- **Your task**: Please set down the lines of the listing exactly, from its first line to the line with "Nanjing Road, Shanghai in the 1920s", leaving the pictures out.

- **Dataset excerpt**:
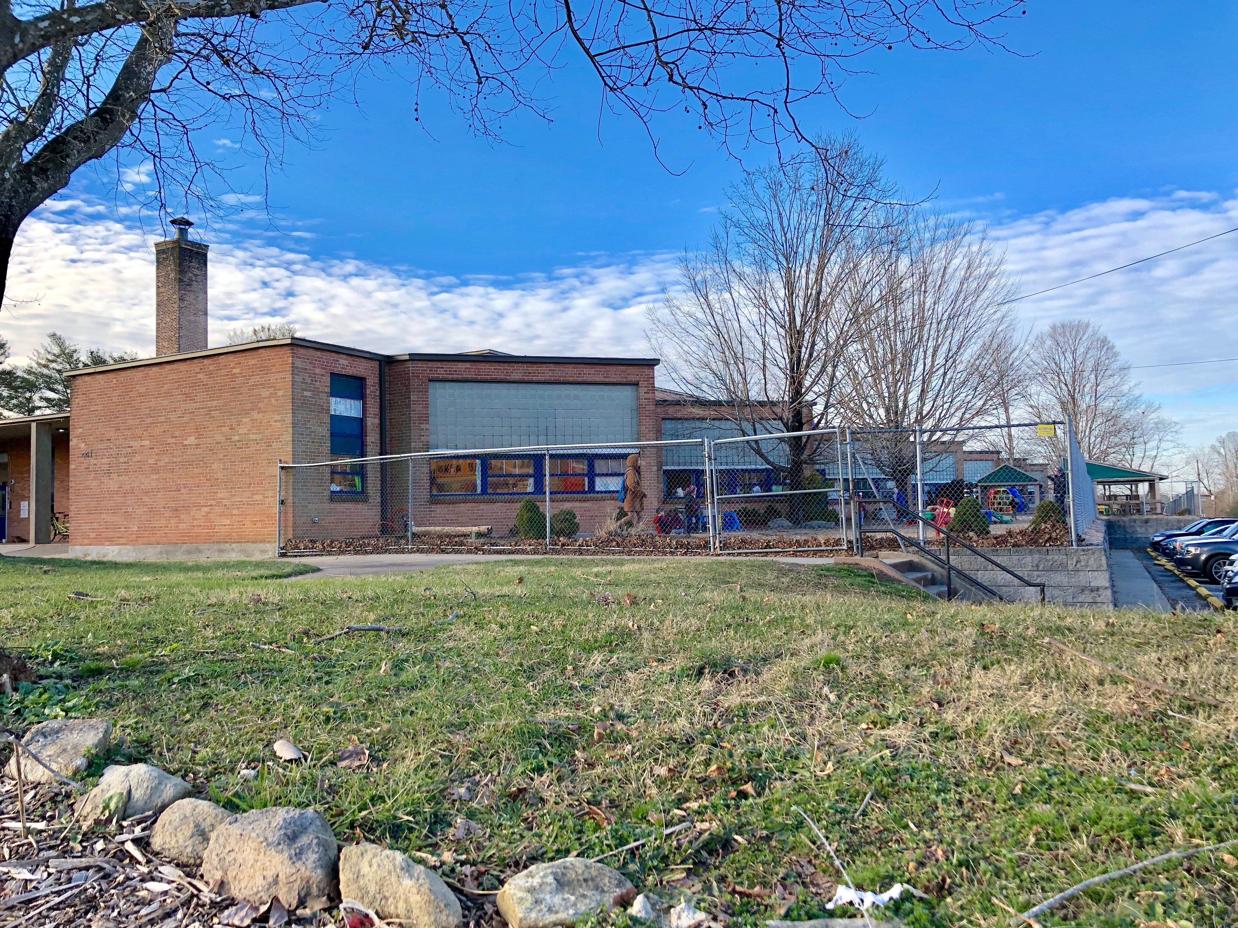 This is the former Charles B. Aycock School, constructed in 1953 on Haywood Road in West Asheville, a neighborhood of Asheville, North Carolina. The building was later home to the Asheville City Preschool, and is now known as the Asheville Primary School. It is a contributing structure in the Asheville–Aycock School Historic District, listed on the National Register of Historic Places in 2006.
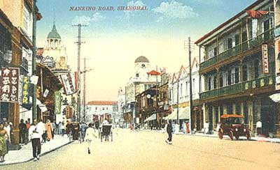 Nanjing Road, Shanghai in the 1920s
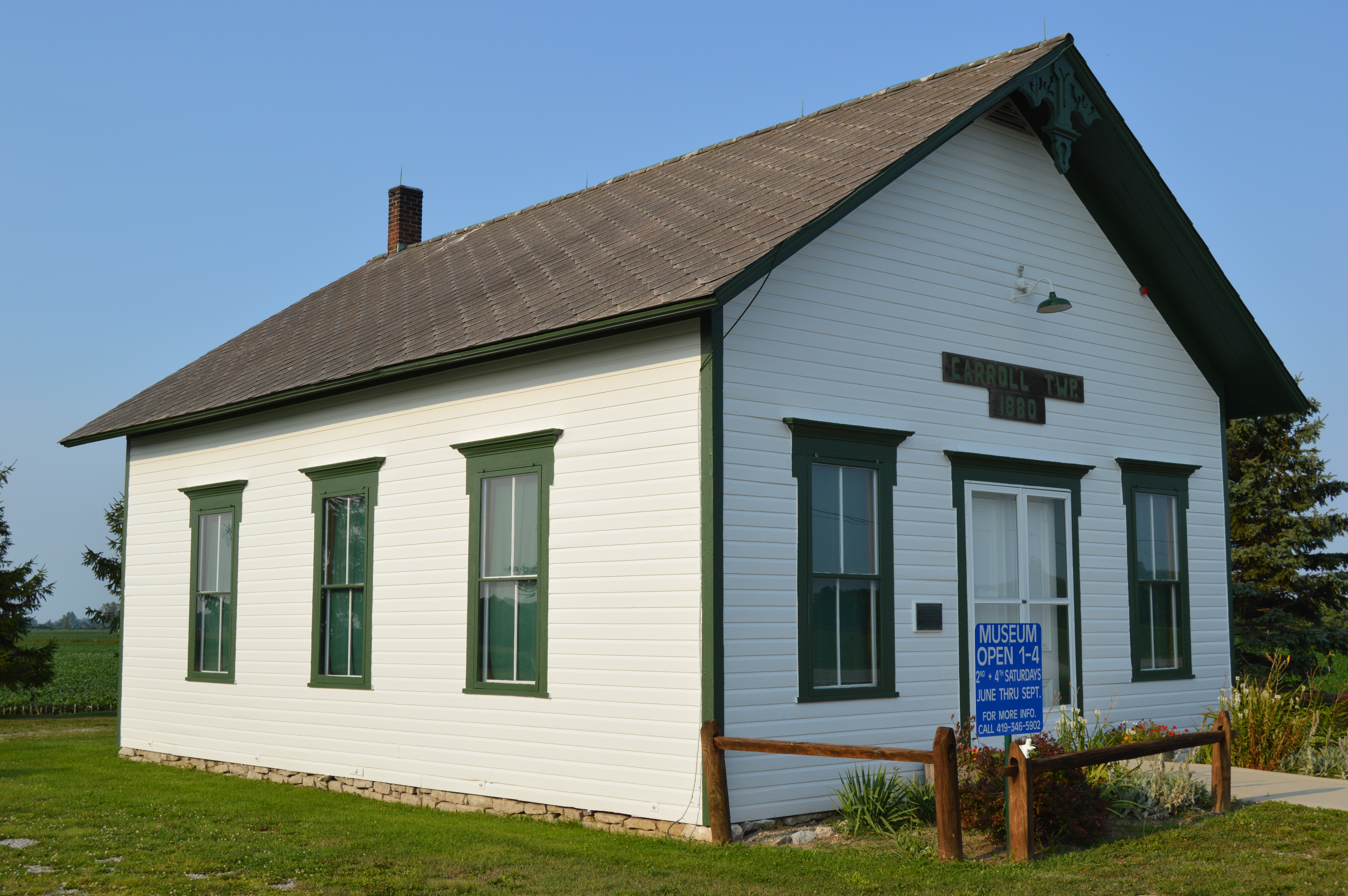 Front and western side of the Carroll Township Hall, located on the northeastern corner of the junction of Behlman and Toussaint East Roads north of Oak Harbor in Carroll Township, Ottawa County, Ohio, United States. Built in 1880, it is listed on the National Register of Historic Places.

- **Exercise output**:
 This is the former Charles B. Aycock School, constructed in 1953 on Haywood Road in West Asheville, a neighborhood of Asheville, North Carolina. The building was later home to the Asheville City Preschool, and is now known as the Asheville Primary School. It is a contributing structure in the Asheville–Aycock School Historic District, listed on the National Register of Historic Places in 2006.
 Nanjing Road, Shanghai in the 1920s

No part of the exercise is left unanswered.